==== Dataset entries

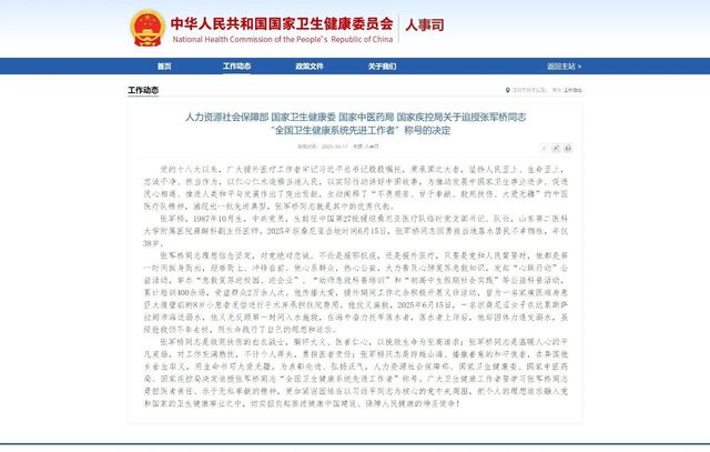 为表彰先进、弘扬正气,10月17日,人力资源社会保障部、国家卫生健康委、国家中医药局、国家疾控局发布《关于追授张军桥同志“全国卫生健康系统先进工作者”称号的决定》,决定追授张军桥同志“全国卫生健康系统先进工作者”称号。
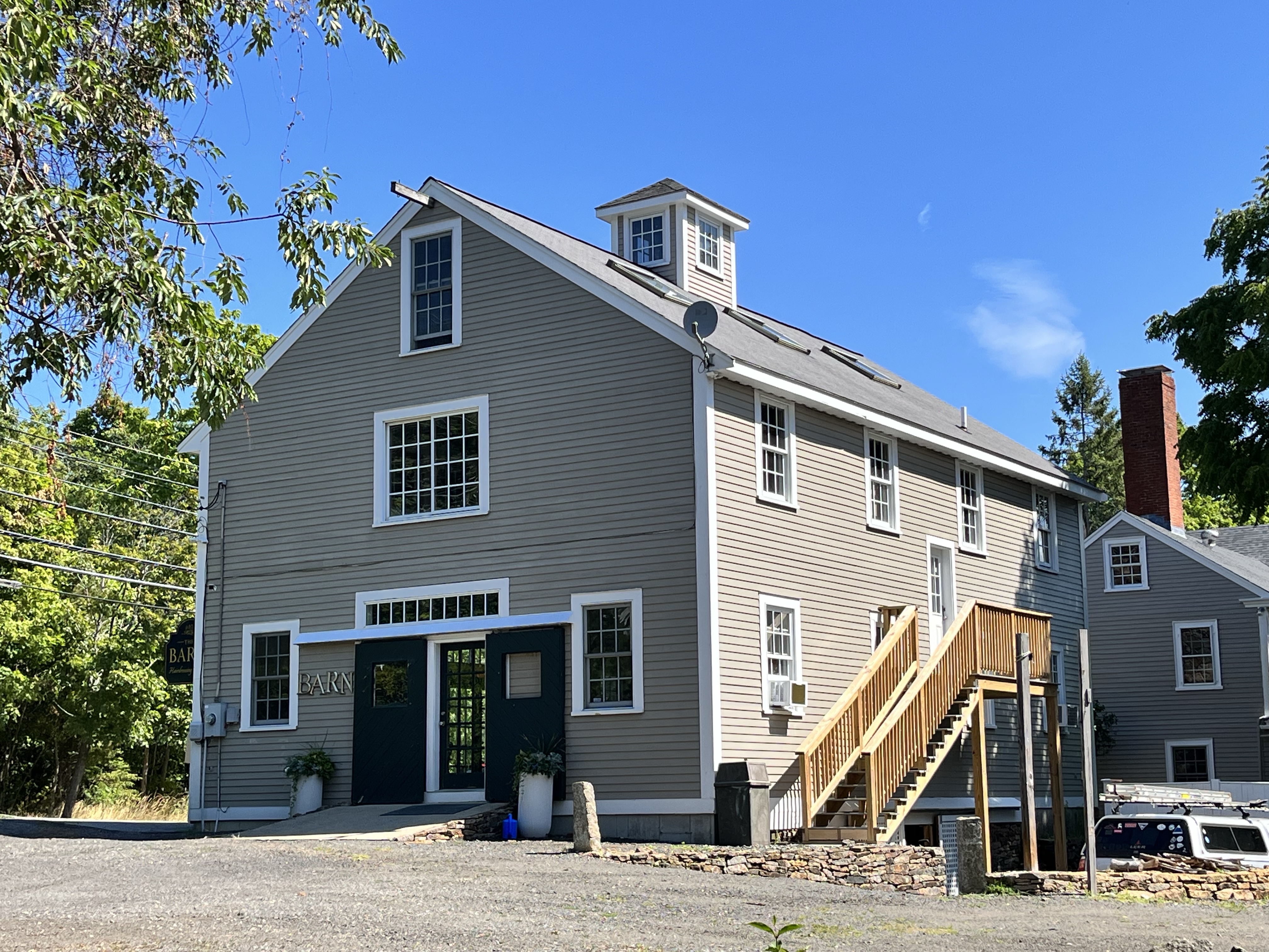 The Barn Hairdressing Lounge is easily visible from the scenic byway route through Essex at 1 Main Street. More modern than most of the barns I am drawn to take photos of, it’s quite regal and handsome and has an impressive footprint. They do not appear to have a website, but their phone number is easily available using Google.
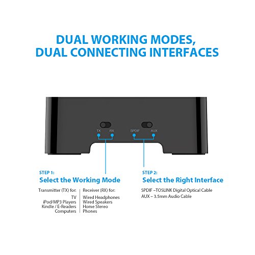 2-in-1 BLUETOOTH TRANSMITTER & RECEIVER. Powered by the premium CSR8670 chipset, TROND BT-DUO X could be switched between transmitter (TX) and receiver (RX) modes. As a Bluetooth transmitter, it enables you to transmit the audio from your TV or iPod wirelessly to Bluetooth headphones or speakers. As a Bluetooth receiver, it allows you to play the music from your phone or tablet to wired home stereo system
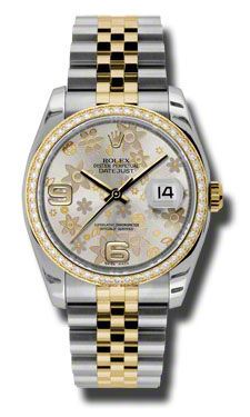 Model: 116243-SIFLAJ - CASE = [Material:Stainless Steel and 18kt Yellow Gold], [Case Diameter:36], [Bezel:Diamond], [Case Back:Solid], [Water Resistant:100 Meters - 330 Feet], [Crystal:Sapphire], DIAL = [Color:Silver Floral Arabic], MOVEMENT = [Type:Automatic Self Winding], [Crown:Screw Down], BAND = [Clasp:Concealed Crown], [Type:Stainless Steel and 18kt Yellow Gold], (Usually ships in 1 to 2 weeks.)
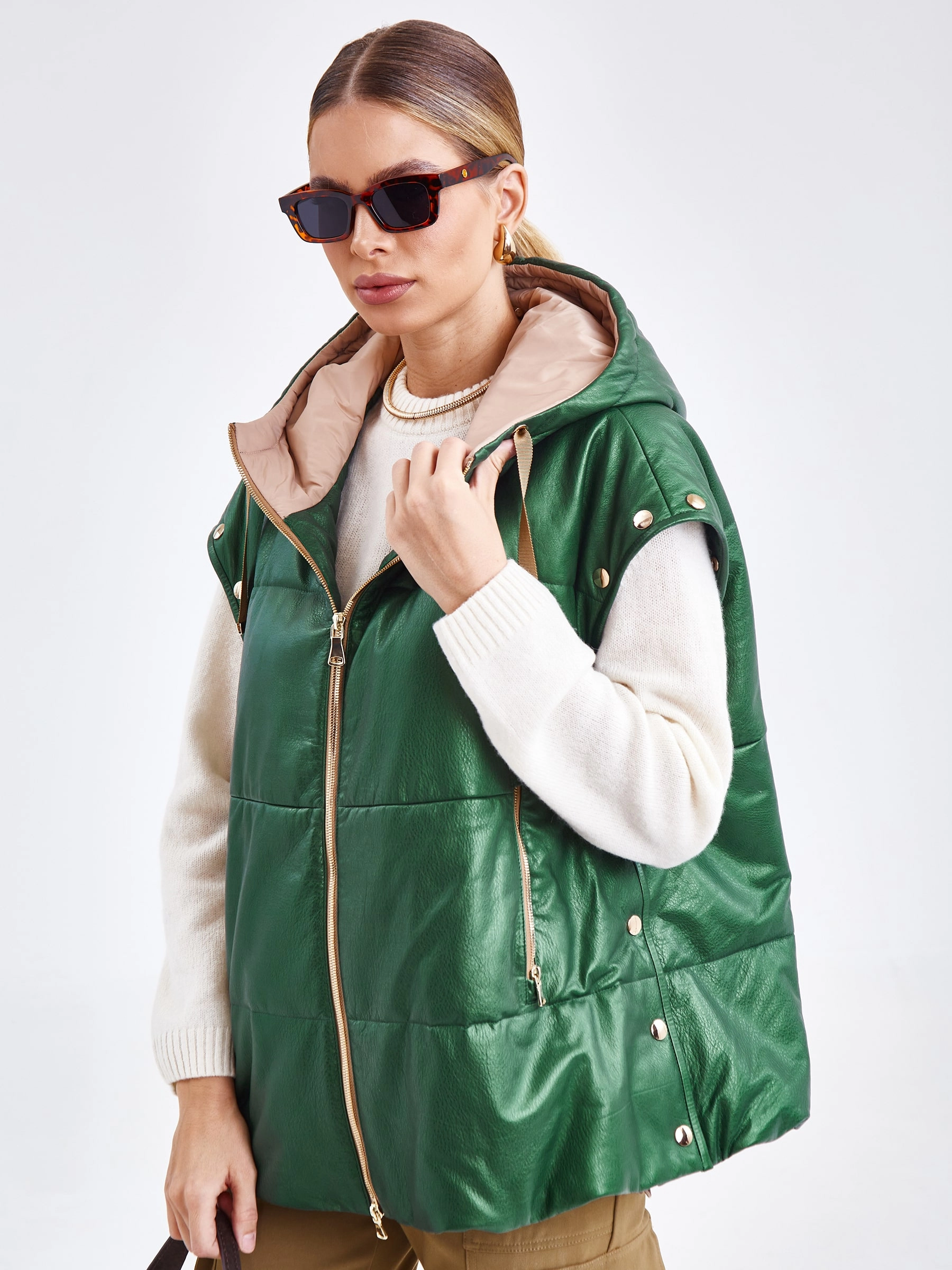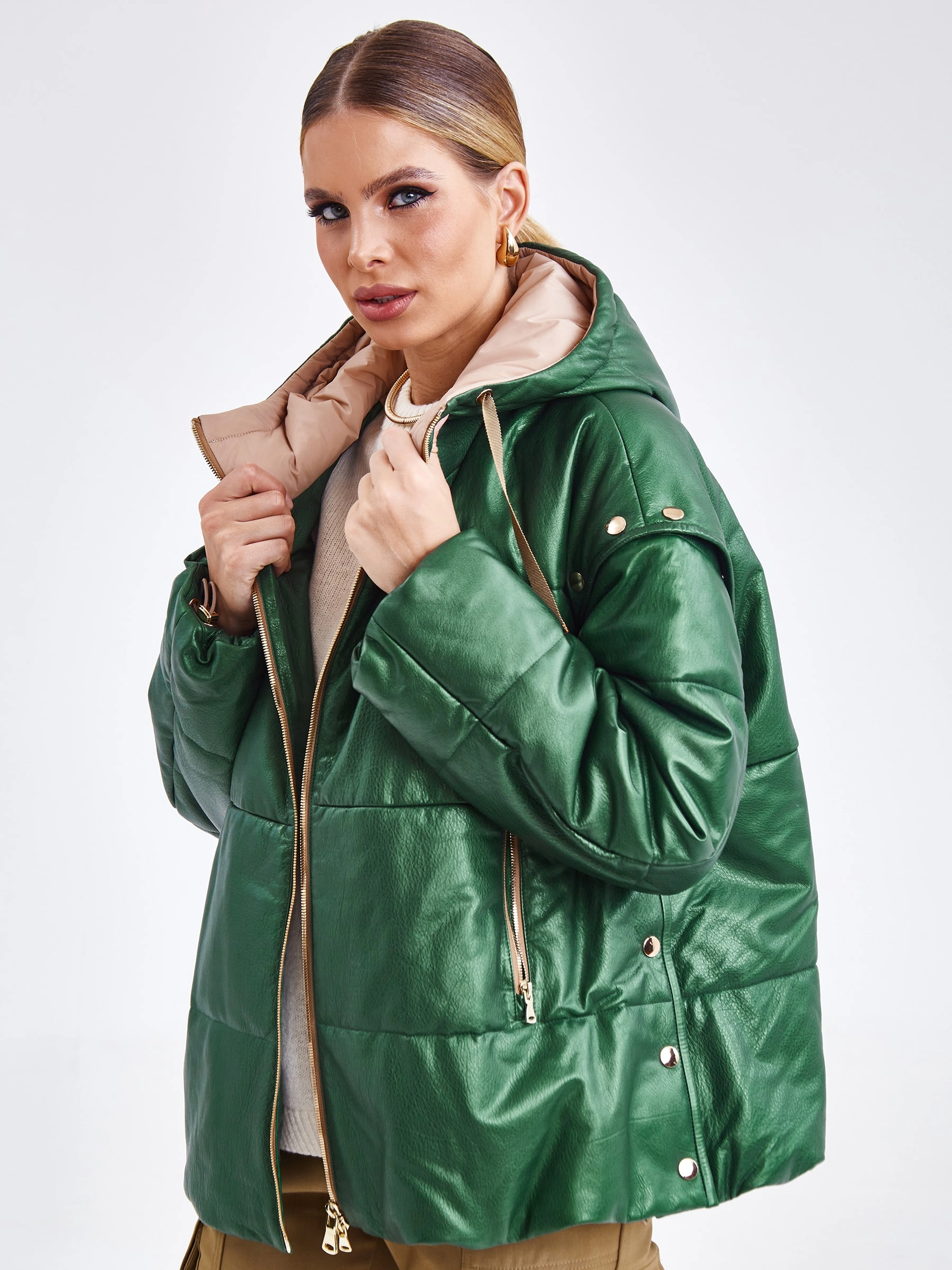 Короткий женский кожаный пуховик оверсайз с капюшоном премиум класса 3023, зеленый, размер 52, артикул 25400
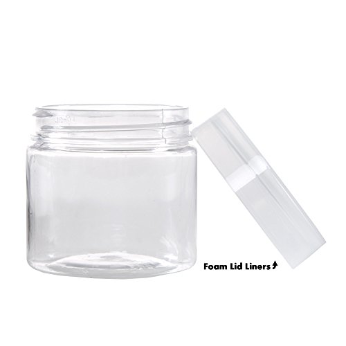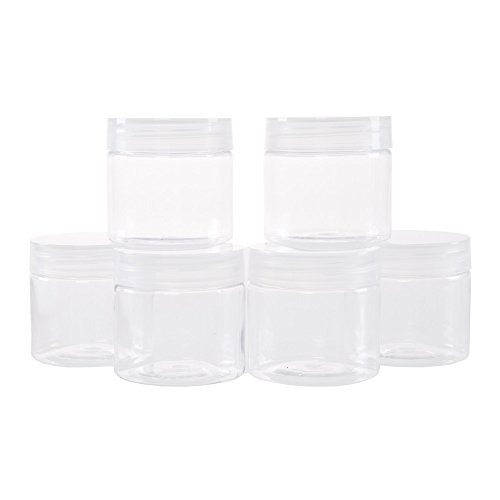Clear 2 Ounce Plastic Jar Containers, 6 Pack of Plastic Storage Jars with Foam Liner By Stalwart- For Travel, Creams, Liquids, Makeup and Organization

========

Restate word for word the lines from the one with "Model: 116243-SIFLAJ - CASE" to the end of the material, both included. Do not include the pictures.

 Model: 116243-SIFLAJ - CASE = [Material:Stainless Steel and 18kt Yellow Gold], [Case Diameter:36], [Bezel:Diamond], [Case Back:Solid], [Water Resistant:100 Meters - 330 Feet], [Crystal:Sapphire], DIAL = [Color:Silver Floral Arabic], MOVEMENT = [Type:Automatic Self Winding], [Crown:Screw Down], BAND = [Clasp:Concealed Crown], [Type:Stainless Steel and 18kt Yellow Gold], (Usually ships in 1 to 2 weeks.)
 Короткий женский кожаный пуховик оверсайз с капюшоном премиум класса 3023, зеленый, размер 52, артикул 25400
Clear 2 Ounce Plastic Jar Containers, 6 Pack of Plastic Storage Jars with Foam Liner By Stalwart- For Travel, Creams, Liquids, Makeup and Organization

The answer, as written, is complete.